Your task is to retype, word for word, the lines from the start of the data through the line holding "Lovely Remodeled True". Do not include the pictures.

--- Record set ---

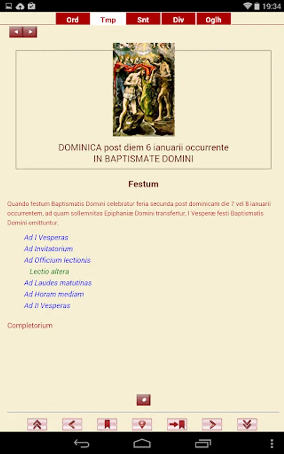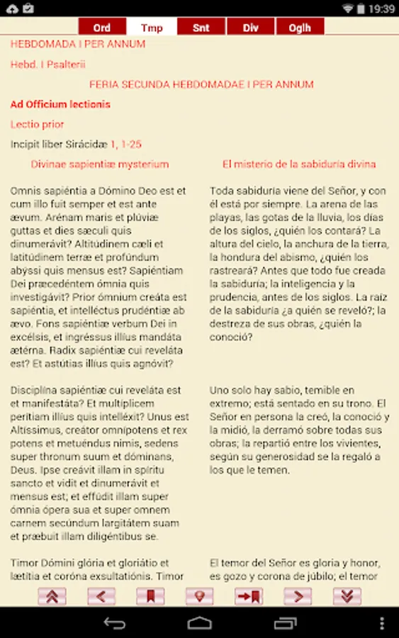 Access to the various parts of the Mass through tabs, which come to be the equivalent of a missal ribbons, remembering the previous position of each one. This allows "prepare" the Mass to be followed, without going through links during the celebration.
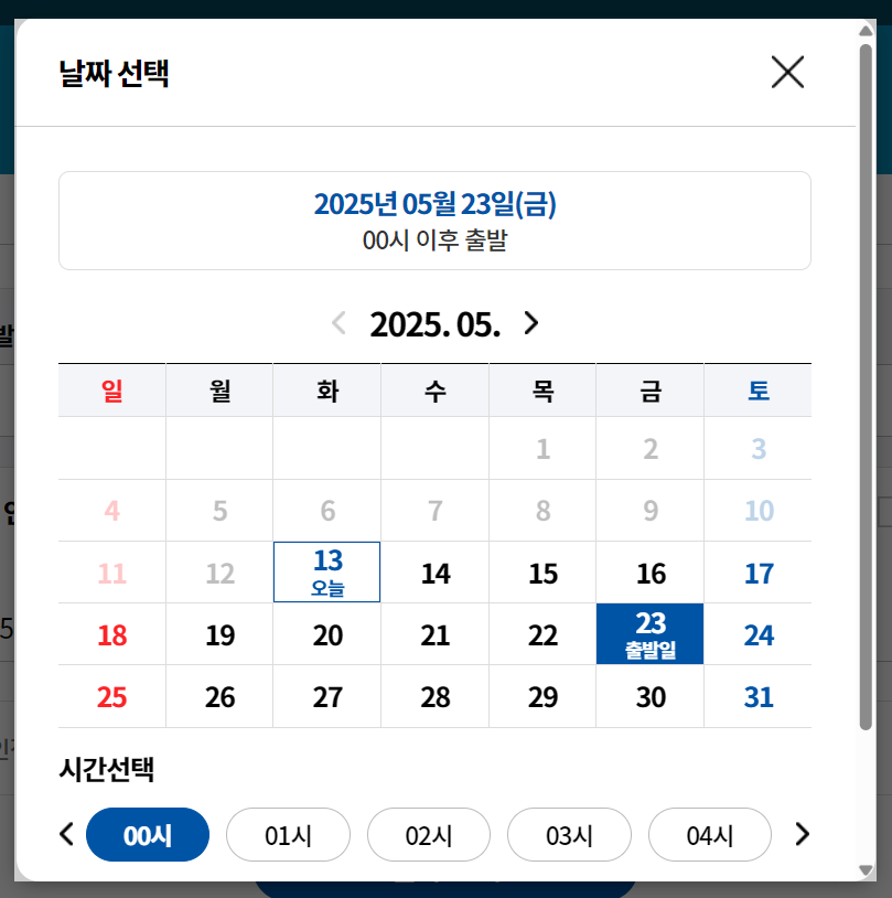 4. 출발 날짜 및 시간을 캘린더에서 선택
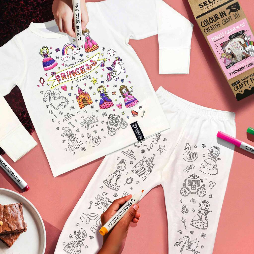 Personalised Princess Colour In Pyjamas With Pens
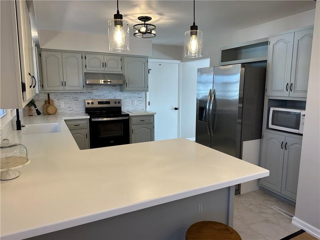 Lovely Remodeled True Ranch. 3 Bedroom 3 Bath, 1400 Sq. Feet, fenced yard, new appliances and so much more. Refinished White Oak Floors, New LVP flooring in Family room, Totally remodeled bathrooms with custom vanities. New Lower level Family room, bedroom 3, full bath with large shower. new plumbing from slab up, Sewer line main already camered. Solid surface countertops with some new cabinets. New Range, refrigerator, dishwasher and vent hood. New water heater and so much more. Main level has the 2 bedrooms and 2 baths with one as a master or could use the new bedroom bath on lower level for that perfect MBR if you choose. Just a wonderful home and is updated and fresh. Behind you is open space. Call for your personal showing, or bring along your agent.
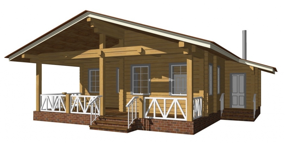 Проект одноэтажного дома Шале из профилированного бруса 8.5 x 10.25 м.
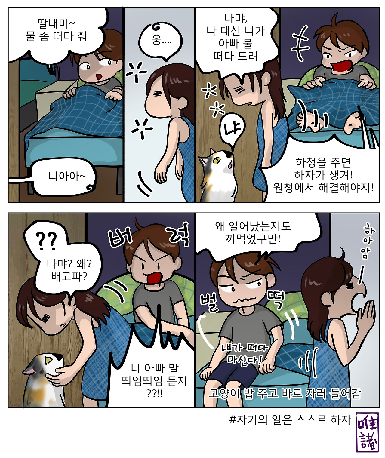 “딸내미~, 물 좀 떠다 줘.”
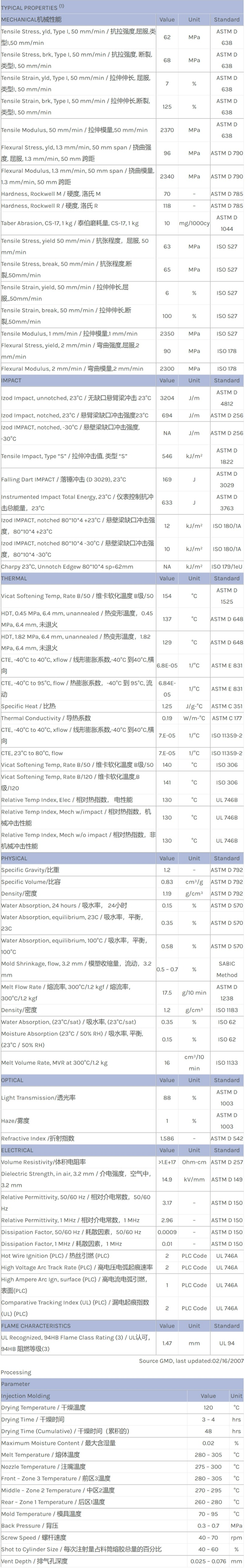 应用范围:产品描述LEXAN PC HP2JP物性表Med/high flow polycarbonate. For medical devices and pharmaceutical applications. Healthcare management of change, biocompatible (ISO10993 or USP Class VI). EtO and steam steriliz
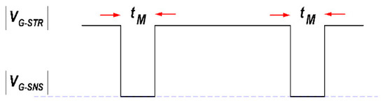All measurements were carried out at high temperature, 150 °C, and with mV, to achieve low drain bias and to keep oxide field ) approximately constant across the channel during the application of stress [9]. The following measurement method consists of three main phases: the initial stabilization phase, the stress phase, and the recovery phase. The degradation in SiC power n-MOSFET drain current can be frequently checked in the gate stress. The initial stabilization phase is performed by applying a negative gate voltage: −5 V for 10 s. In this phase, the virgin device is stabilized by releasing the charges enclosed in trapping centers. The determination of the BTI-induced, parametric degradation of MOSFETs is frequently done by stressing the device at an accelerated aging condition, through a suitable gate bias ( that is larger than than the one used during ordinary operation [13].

---

- _Exercise output_
 Access to the various parts of the Mass through tabs, which come to be the equivalent of a missal ribbons, remembering the previous position of each one. This allows "prepare" the Mass to be followed, without going through links during the celebration.
 4. 출발 날짜 및 시간을 캘린더에서 선택
 Personalised Princess Colour In Pyjamas With Pens
 Lovely Remodeled True Ranch. 3 Bedroom 3 Bath, 1400 Sq. Feet, fenced yard, new appliances and so much more. Refinished White Oak Floors, New LVP flooring in Family room, Totally remodeled bathrooms with custom vanities. New Lower level Family room, bedroom 3, full bath with large shower. new plumbing from slab up, Sewer line main already camered. Solid surface countertops with some new cabinets. New Range, refrigerator, dishwasher and vent hood. New water heater and so much more. Main level has the 2 bedrooms and 2 baths with one as a master or could use the new bedroom bath on lower level for that perfect MBR if you choose. Just a wonderful home and is updated and fresh. Behind you is open space. Call for your personal showing, or bring along your agent.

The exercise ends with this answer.